Dad’s Army stars Toby Jones, Bill Nighy, Catherine Zeta-Jones, Michael Gambon and Blake Harrison and is directed by Oliver Parker. Based on the highly successful TV show, the film follows the Home Guard of the small seaside town, Walmington-On-Sea, as a Nazi spy threatens to pave the way for an invasion.
While much of the acting is superb, it’s sometimes let down by the casting. Some actors, such as Toby Jones or Blake Harrison are the spitting image of the former roles, adding to the sense of nostalgia, but others, like Bill Nighy or Michael Gambon just feel flat and out-of-place somewhat. Gambon especially, who plays fan-favourite Godfrey, just seems to be playing himself rather than performing. It seems a waste of good source material when paired up against some incredibly lifeless acting.

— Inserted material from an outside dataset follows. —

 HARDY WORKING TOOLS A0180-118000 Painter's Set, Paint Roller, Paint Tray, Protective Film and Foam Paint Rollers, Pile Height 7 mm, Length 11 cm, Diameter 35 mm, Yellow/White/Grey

The script, by Hamish McColl, whose previous work includes Mr. Bean’s Holiday and Paddington, capture the spirit of the TV show and has a very British sense of humour throughout. The BBFC have rated the film as a PG for, “mild bad language, violence and innuendo”. The violence is mostly slapstick and in the finale when a simple chase turns into a multi-tiered gunfight (which incidentally is one of the funniest parts of the film for its sheer absurdity) has no blood, so it’s a film that the whole family can go to and they’ll be able to laugh at the jokes targeted at them. The innuendo is what fuels most of the jokes in the film, but a lot of them are hit-and-miss, leading to a lot of awkward silences or at least a roll of the eyes instead of a laugh.

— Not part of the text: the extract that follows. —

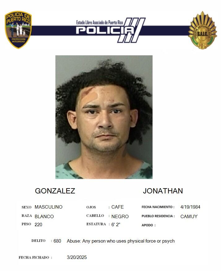 Agentes de la División de Violencia Doméstica del área de Arecibo, realizaron una investigación que culminó la tarde del jueves, 20 de marzo de 2025, con la presentación de un cargo por maltrato de la Ley de Violencia Doméstica contra un hombre, identificado como Jonathan González, de 40 años y residente del pueblo de Camuy.

The story is as basic and played out as you might expect. I distinctly remember the film’s plot being the plot of several of the episodes of the TV show, just with slightly different outcomes. Within five minutes of the film starting you’ll know how it ends, which is quite sad since for such a well-loved and long-running franchise, it smacks of laziness that they didn’t put a more thoughtful or at least a more developed story on screen. The film’s run time is only 100 minutes, meaning it’s pretty short in comparison to the rest of the cinema’s output, but there are still scenes in there that go on for way too long or just don’t add anything to the film. There is a love story between three/four characters (which again was a plot in the TV show) and here it just sits and does nothing original or interesting with the idea, bar one scene which is ripped straight from The Importance of Being Earnest.

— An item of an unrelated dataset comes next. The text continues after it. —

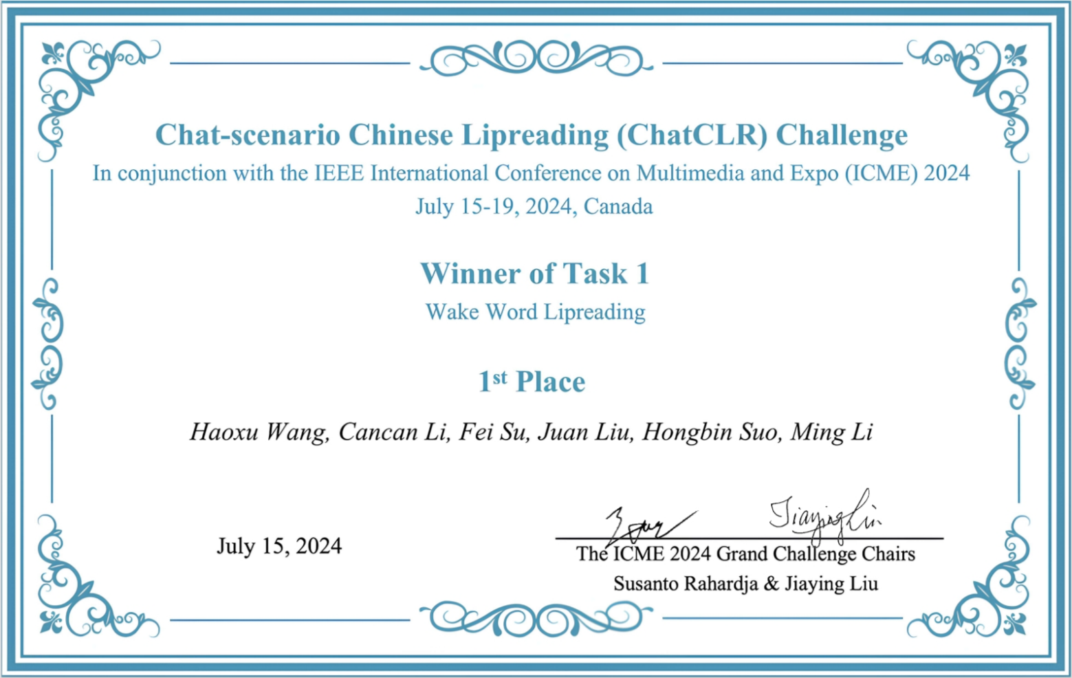 2024年1月至4月,IEEE ICME 2024挑战赛—中文对话场景唇读比赛(ChatCLR)顺利举行,K体育·(sports)官方网站研究生团队以第一名的优异成绩荣获“唤醒词唇读”赛道一等奖。参赛团队学生成员包括2021级硕士生王浩旭、2024级硕士生李灿灿、2023级博士生苏菲,团队指导教师为K体育·(sports)官方网站刘娟教授、昆山杜克大学李明教授(武汉大学兼职教授)。此外,来自OPPO的语音技术专家索宏彬博士也给予了技术指导。

The film also at times looks pretty shoddy. Some scenes, like a wide shot during a patrol on the seaside cliffs of Bridlington are quite nice, but others have an odd haze about them. On natural light was used in the film which may have been the reason why most of the indoor scenes have this golden filter rather than a clear picture. Natural light may have been used well in The Revenant, but it doesn’t look good for you Dad’s Army.
In the end, Dad’s Army has its problems. The story is paper thin, a majority of scenes aren’t lit properly and some actors just seem to be going through the motions. But the jokes, along with a healthy dose of nostalgia bring it around.
Score: 6/10 Can’t give it a higher score, but it’s a recommendation for the family.